Final answer:
To determine Nina's after-tax accumulation from her 401(k) contributions in 2022, calculate her contribution, determine the accumulated value over 30 years with a 9% return, and apply the relevant marginal tax rates of 30%, 20%, and 40% at retirement to find the after-tax proceeds.
Step-by-step explanation:
To calculate the after-tax accumulation from Nina's 2022 contributions to her 401(k) account, we first determine her contribution amount and then calculate the accumulation at a 9% before-tax rate of return over 30 years. Next, we calculate the after-tax proceeds assuming different marginal tax rates at retirement.

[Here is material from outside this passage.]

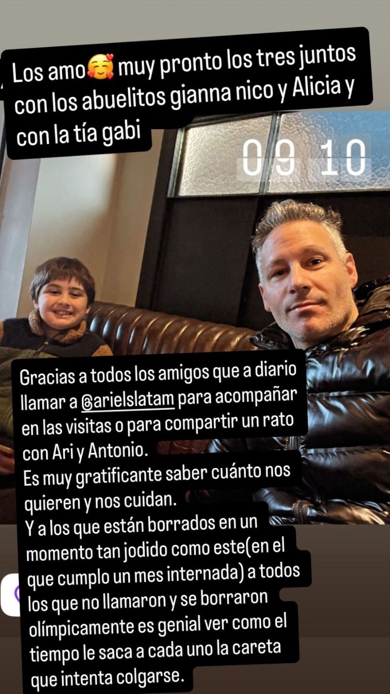 María Julia reposteó una foto de su hijo Antonio y Ariel Straccia que había publicado previamente su pareja con el texto: "Arrancando para el Alemán". Sin embargo, cambió el mensaje original y publicó una especie de descargo: "Gracias a todos los amigos que a diario llaman a @arielslatam para acompañar en las visitas o para compartir un rato con Ari y Antonio". Y sumó al respecto: "Es muy gratificante saber cuánto nos quieren y nos cuidan".

Nina contributes 8% of her $158,000 annual salary to her 401(k) which equals $158,000 * 0.08 = $12,640. Using the compound interest formula, the future value of this contribution over 30 years at a 9% annual return is $12,640 * (1 + 0.09)^30.
- For a 30% marginal tax rate: $12,640 * (1 + 0.09)^30 * (1 - 0.30)
- For a 20% marginal tax rate: $12,640 * (1 + 0.09)^30 * (1 - 0.20)
- For a 40% marginal tax rate: $12,640 * (1 + 0.09)^30 * (1 - 0.40)
These calculations will provide the after-tax proceeds from distribution for each marginal tax rate scenario.